Viability of the vascularly perfused, recirculating rat intestine and intestine-liver preparations

Function and stability of vascularly perfused, recirculating in situ rat intestine (I) and intestine-liver (IL) preparations were evaluated in fasted and nonfasted rats because these techniques may be readily applied in drug metabolism studies. The rat intestine was perfused with blood medium (7.5 ml/min) via the superior mesenteric artery, with the venous outflow draining into the portal vein, which, together with hepatic arterial flow (2.5 ml/min), constituted the total blood flow (10 ml/min) to the liver. Maintenance of intestinal membrane integrity was observed.

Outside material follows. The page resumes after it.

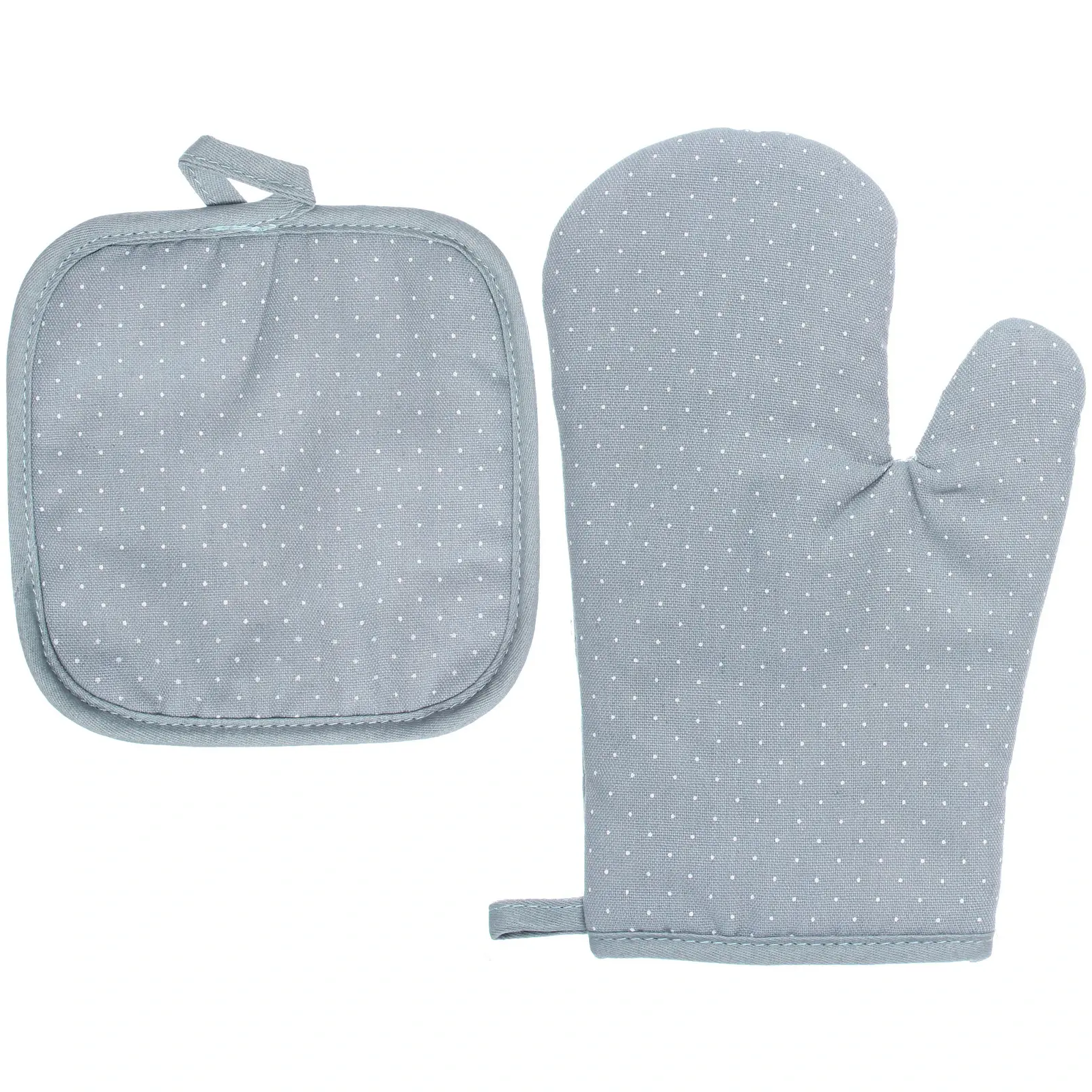 Размеры изделия — 25,5×17 см для прихватки и 17×17 см для варежки — обеспечивают удобство захвата и манипуляций с посудой. Благодаря стильному серому цвету с белым горошком они гармонично впишутся в любой интерьер кухни, а петли для подвешивания позволяют удобно хранить их рядом с рабочей зоной.

Rapid [14C]glucose absorption against a concentration gradient and a lack of [3H]-polyethylene glycol 4000 (PEG 4000, less than 4%) and Evans blue absorption by the recirculating I and IL preparations resulted after bolus injections of these markers into the pyloric end of the duodenum. Other indexes that revealed stable intestinal and liver functions were the following: preservation of reservoir perfusate volume, constancy in perfusion pressure, bile flow, and hemoglobin concentrations, evidence of intestinal glucose utilization and liver glucose production, and a lack of significant leakage of serum glutamic oxalic transaminase. The intestine and liver consumed oxygen at relatively constant rates, but the consumption rates for the fasted tissues (I or L) were significantly higher than those for nonfasted tissues. These results indicate that the vascularly perfused I and IL preparations were maintained in a viable and stable state for a 2-h perfusion period.